> _Action item_: Could you reproduce, from the records below, everything from the line with "Ijsvogel van krantenpapier" down to the line with "This crossbody bag", keeping both of those lines and changing nothing?

> _Stored data_:
----------
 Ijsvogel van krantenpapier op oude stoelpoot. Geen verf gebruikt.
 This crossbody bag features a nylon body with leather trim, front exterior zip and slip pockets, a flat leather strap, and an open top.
----------
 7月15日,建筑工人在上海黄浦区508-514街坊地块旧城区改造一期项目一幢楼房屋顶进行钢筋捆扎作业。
----------
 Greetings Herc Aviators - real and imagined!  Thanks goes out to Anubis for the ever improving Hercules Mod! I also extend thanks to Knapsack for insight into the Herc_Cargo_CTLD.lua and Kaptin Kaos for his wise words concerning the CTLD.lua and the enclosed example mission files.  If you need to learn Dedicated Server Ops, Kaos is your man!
----------
> _Result of the exercise_:
 Ijsvogel van krantenpapier op oude stoelpoot. Geen verf gebruikt.
 This crossbody bag features a nylon body with leather trim, front exterior zip and slip pockets, a flat leather strap, and an open top.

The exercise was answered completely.